Material supplied.
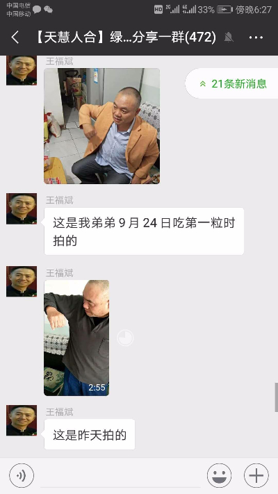 大家好!我是王福斌,來自新疆石河子市。 3個月前被朋友邀請進了這個綠色動力群。進群一段時間里,被在群里面用了綠色動力調理好的各種疑難雜癥分享的病例吸引住了。我以前是做中醫理療和保健品推廣的,對紅斑狼瘡,癲癇,白癲瘋病,牛皮癬等免疫系統疾病和腫瘤,腎透吸,等重癥是不敢接的。沒有那個公司的保健品對這些疾病有很好的調理作用。通過在群里各位老師發的綠色動力資料的學習。我更加認識到綠色動力和我以前接觸的健康產品對調理身體的原理是有本質區別的。健康產品調理的是經絡和臟腑,綠色動力是激活修復人體細胞。看起來什么病都不治,但細胞被激活和修復好了,什么病都不治而愈了。
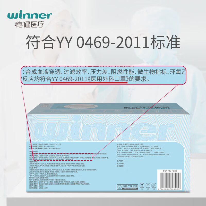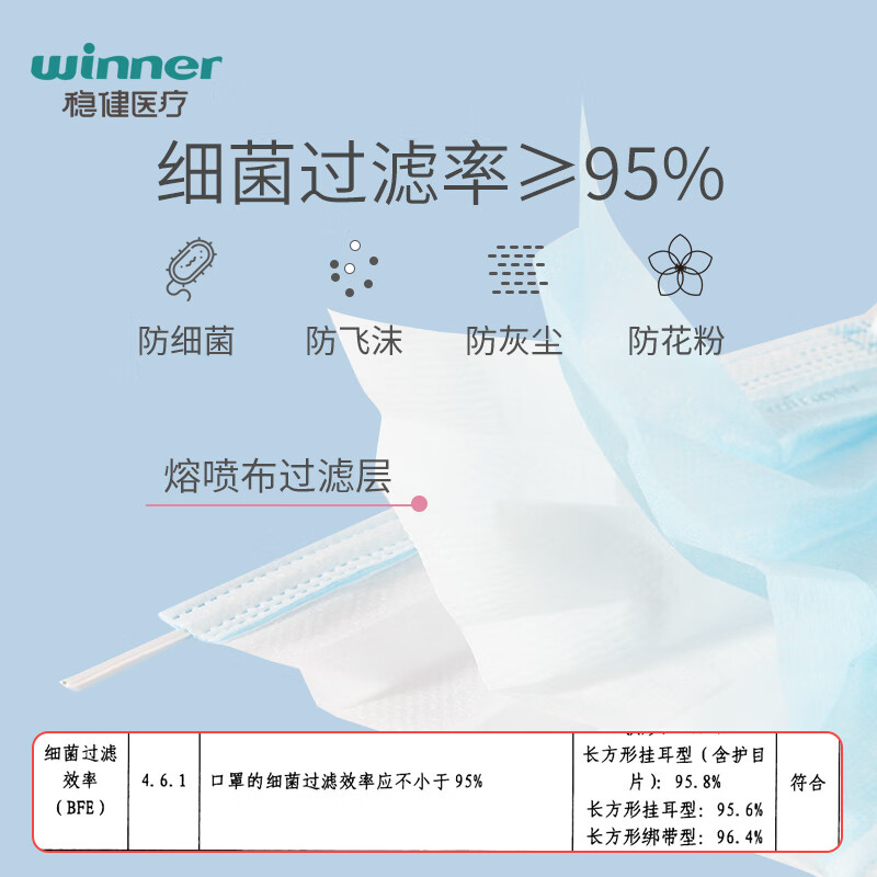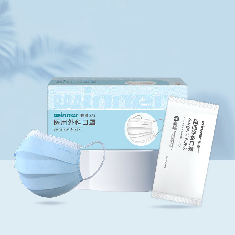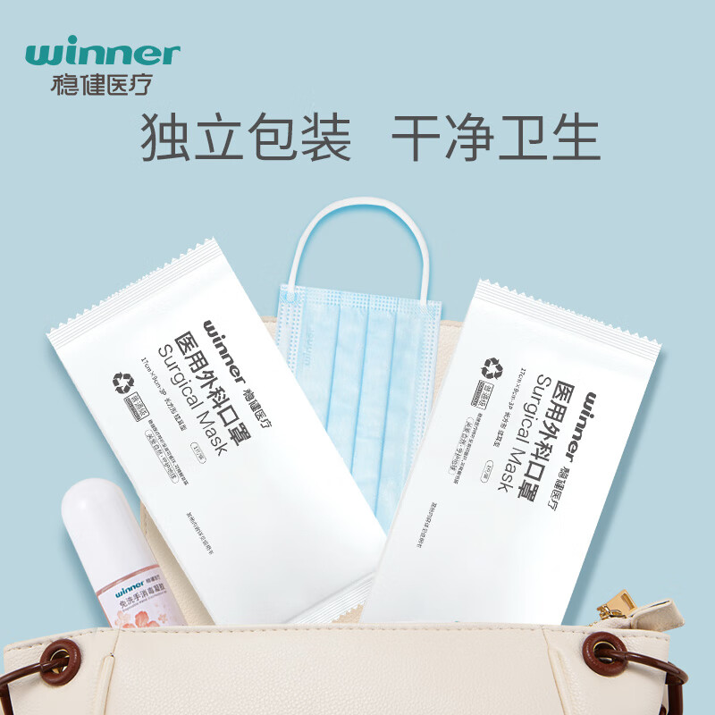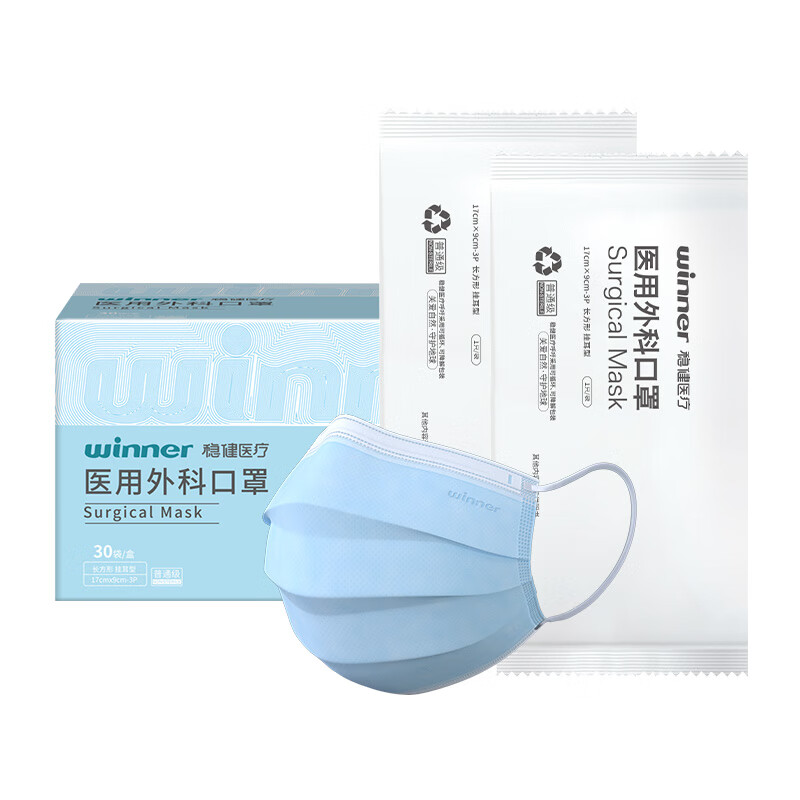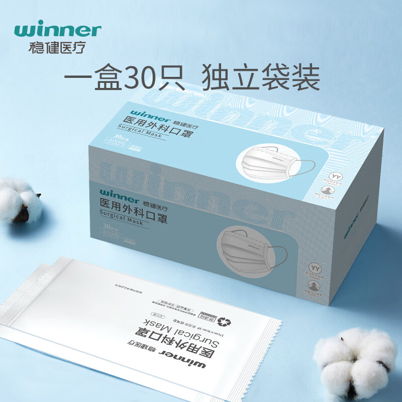 商品名称:稳健(Winner)医用外科口罩一次性口罩三层防护细菌过滤率大于95% 独立装30只/盒*3盒(90只)
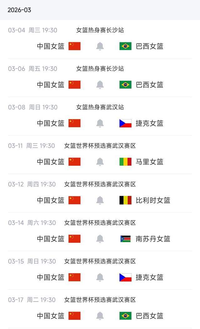 中国女篮的赛事安排是:3月4日、6日在湖南长沙和巴西女篮打两场热身赛。随后3月8日来到湖北武汉,和捷克女篮打一场热身赛。(这两个对手,也是接下来世预赛的对手)——3月11日开始,中国女篮就将正式开启世界杯预选赛之旅:同组对手不是特别强,先战马里、比利时和南苏丹。随后再战捷克和巴西。
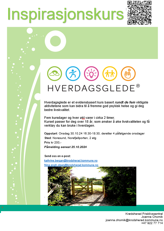 Hverdagsglede - insipirasjonskurs Hverdagsglede er et forskningsbasert kurs basert rundt de fem viktigste aktivitetene som kan bidra til å fremme god psykisk helse og gi deg bedre livskvalitet. Fem kursdager og hver økt varer i cirka 2 timer. Kurset passer for deg over 18 år, som ønsker å øke livskvaliteten og få verktøy du kan bruke i hverdagen.Oppstart: Onsdag 15.01.25 16.30-18:30, deretter 4 påfølgende onsdagerSted: Noresund, Norefjellporten, 2 etgPris: kr 200,-Påmelding senest 10.01.2025Send oss en e-post for å melde deg på: kathrine.bergan@krodsherad.kommune.noNina.engh.olsen@krodsherad.kommune.nojoanna.chomik@krodsherad.kommune.no Publisert 04.12.2024 10.25 Sist endret 30.04.2025 07.52
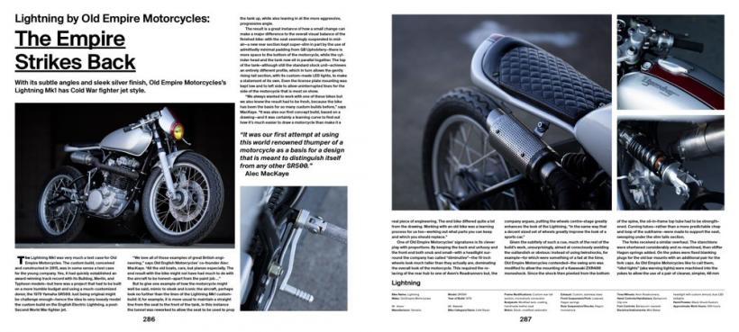 From limited series to one-offs, The Ride 2nd Gear features the brilliant results of this process. Its pages are filled with bikes that offer extraordinary design and driving experiences. In fact, established brands are now acting on trends set by the custom scene whose bikes are often more radical and sophisticated because more attention can be paid to detail and each new idea can be fine-tuned to perfection.
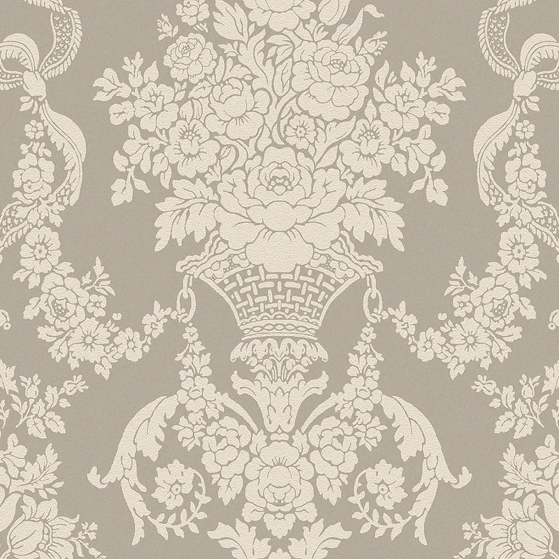 - Коричневый/Бежевый/Серый рисунок дамаск и вензель добавляет интерьеру изысканность и глубину.
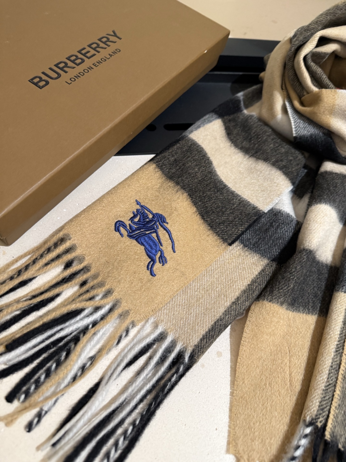 Q: What is the material of the Burberry Camel Check Cashmere Scarf?

Work item. Transcribe, word for word, only the material from its opening line through the line containing "商品名称:稳健(Winner", both ends included, and omit the pictures.

Response below.
 大家好!我是王福斌,來自新疆石河子市。 3個月前被朋友邀請進了這個綠色動力群。進群一段時間里,被在群里面用了綠色動力調理好的各種疑難雜癥分享的病例吸引住了。我以前是做中醫理療和保健品推廣的,對紅斑狼瘡,癲癇,白癲瘋病,牛皮癬等免疫系統疾病和腫瘤,腎透吸,等重癥是不敢接的。沒有那個公司的保健品對這些疾病有很好的調理作用。通過在群里各位老師發的綠色動力資料的學習。我更加認識到綠色動力和我以前接觸的健康產品對調理身體的原理是有本質區別的。健康產品調理的是經絡和臟腑,綠色動力是激活修復人體細胞。看起來什么病都不治,但細胞被激活和修復好了,什么病都不治而愈了。
 商品名称:稳健(Winner)医用外科口罩一次性口罩三层防护细菌过滤率大于95% 独立装30只/盒*3盒(90只)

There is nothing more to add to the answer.